Racial profiling ruling to serve as findings in separate Arpaio case
Jun 15, 2015, 7:00 PM | Updated: 7:00 pm
PHOENIX — A 2-year-old court decision that concluded Maricopa County
Sheriff Joe Arpaio had racially profiled Latinos will stand as the findings of
fact on one of several claims in a separate case alleging a range of alleged
civil rights violations by the lawman, a judge ruled Monday.
U.S. District Judge Roslyn Silver said her decision means the U.S. Justice
Department lawyers won’t have to re-litigate the already-settled allegation that
Arpaio’s officers had systematically profiled Latinos in their patrols.
“Instead, those issues will be given `conclusive effect’ here,” Silver wrote.

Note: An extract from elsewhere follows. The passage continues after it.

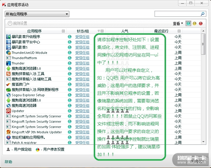 瑞星08版有 程序控制 ,这么好的功能为何要取消呢?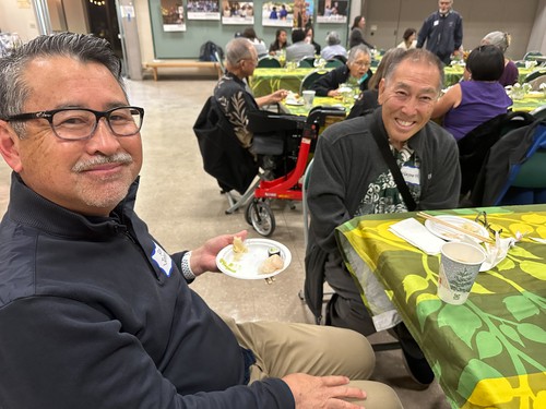 Not seen since before the Paris Olympics due to a hip dislocation and back issues but finally making an appearance at the Compassion Dinner was Wayne Haraguchi seen with Rev. John Oda.

An Aug. 10 trial has been scheduled to settle the Justice Department’s
remaining allegations that Arpaio’s office retaliated against its critics,
punished Latino jail inmates with limited English skills for speaking Spanish
and discriminated against Latinos in business raids aimed at cracking down on
identity theft.
The sheriff has denied the allegations and called the Justice Department’s
civil rights case against him a politically motivated attack by the Obama
administration.
The Justice Department’s case is separate from a racial profiling lawsuit filed
against Arpaio by immigrant rights advocates. The sheriff lost that case two
years ago when a judge concluded his officers singled out Latinos in their
regular traffic and immigration patrols.